## Data extract
----
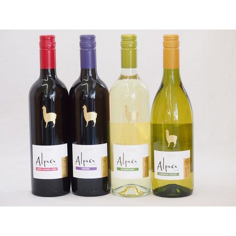 チリ産ワインアルパカ4本セット(赤カルメネール(フルボディ) 赤カベルネ・メルロー(ミディアムボディ) 白シャルドネ・セミヨン(辛口) 白ソーヴィニヨン・ブラン(辛口)) 750ml×4本
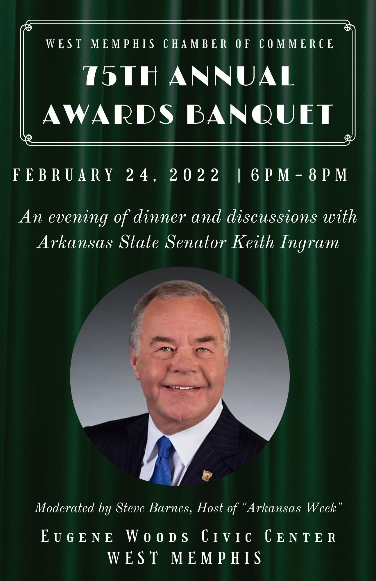 Join us on February 24th as we celebrate the businesses and individuals who have gone above and beyond in 2021. Special guests include Senator Keith Ingram and Host of Arkansas Week, Steve Barnes. Awards include Leadership Class graduates, small business, large business and citizen of the year. Tickets are $65 and tables start at $520. Call the Chamber today or order your tickets on the chamber calendar page.
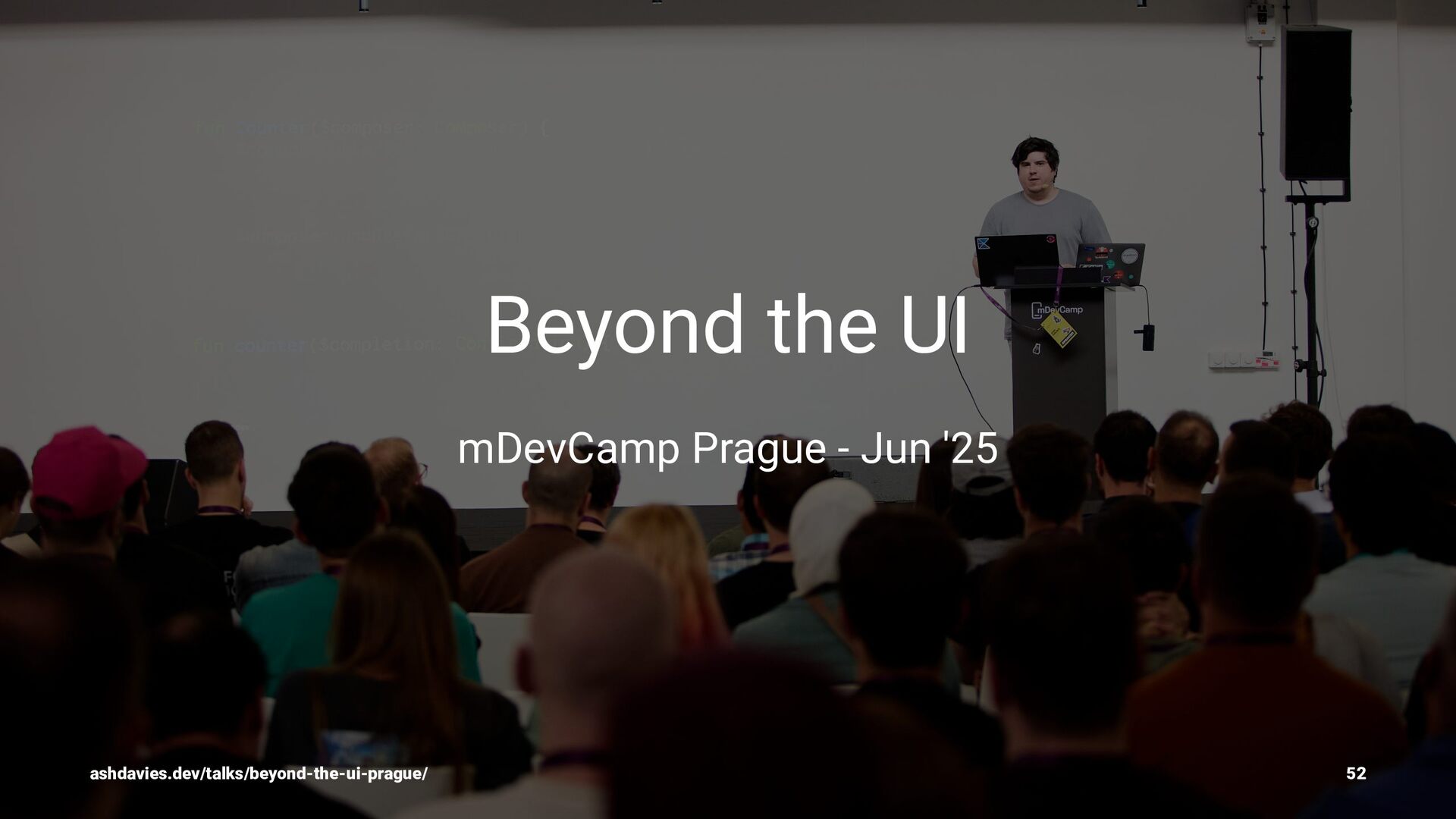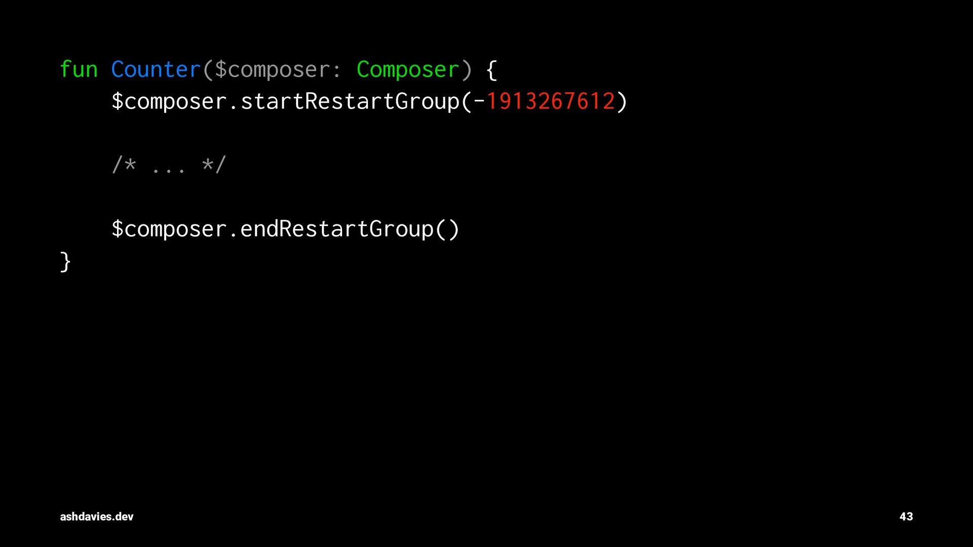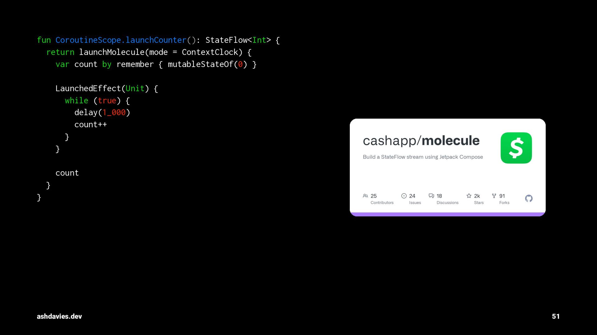 count by remember { mutableStateOf(0) } LaunchedEffect(Unit) { while (true) { delay(1_000) count++ } } count } } ashdavies.dev 51
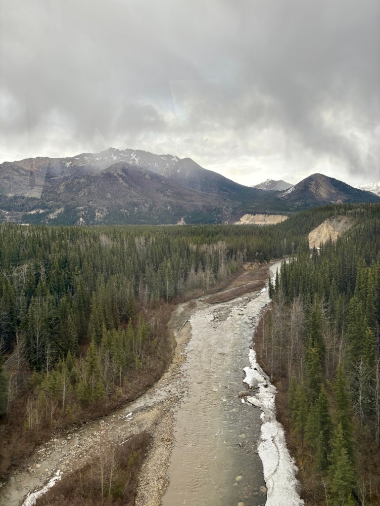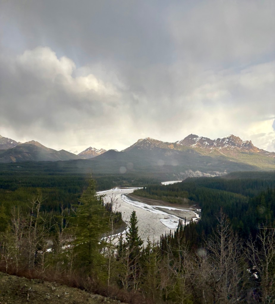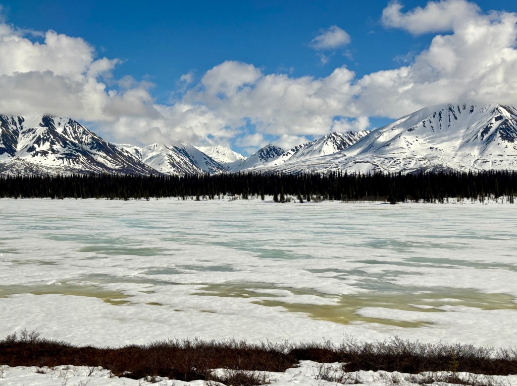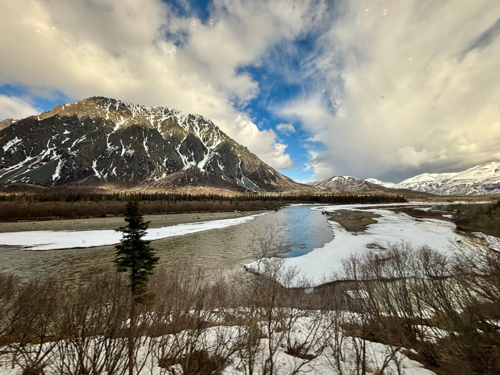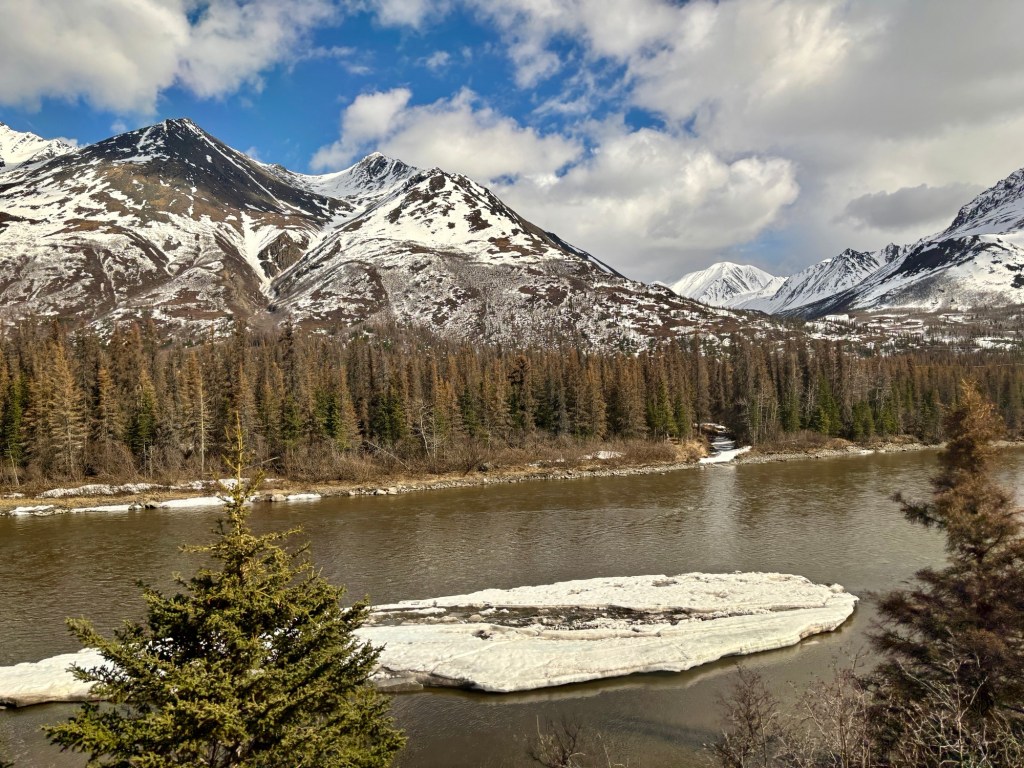 The thawing rivers with massive chunks of ice. Piled up in places. At times smaller pieces floating down the river. Some of the lakes and streams are glacially fed, mixing a turquoise hue (from the glacial silt) with the waters. The views change as we weave our way up the mountain.
----
## Exercise details
With the pictures removed, write out exactly the lines from the line containing "Join us on February" through the last line of the material above, both included.

## Solution below
 Join us on February 24th as we celebrate the businesses and individuals who have gone above and beyond in 2021. Special guests include Senator Keith Ingram and Host of Arkansas Week, Steve Barnes. Awards include Leadership Class graduates, small business, large business and citizen of the year. Tickets are $65 and tables start at $520. Call the Chamber today or order your tickets on the chamber calendar page.
 count by remember { mutableStateOf(0) } LaunchedEffect(Unit) { while (true) { delay(1_000) count++ } } count } } ashdavies.dev 51
 The thawing rivers with massive chunks of ice. Piled up in places. At times smaller pieces floating down the river. Some of the lakes and streams are glacially fed, mixing a turquoise hue (from the glacial silt) with the waters. The views change as we weave our way up the mountain.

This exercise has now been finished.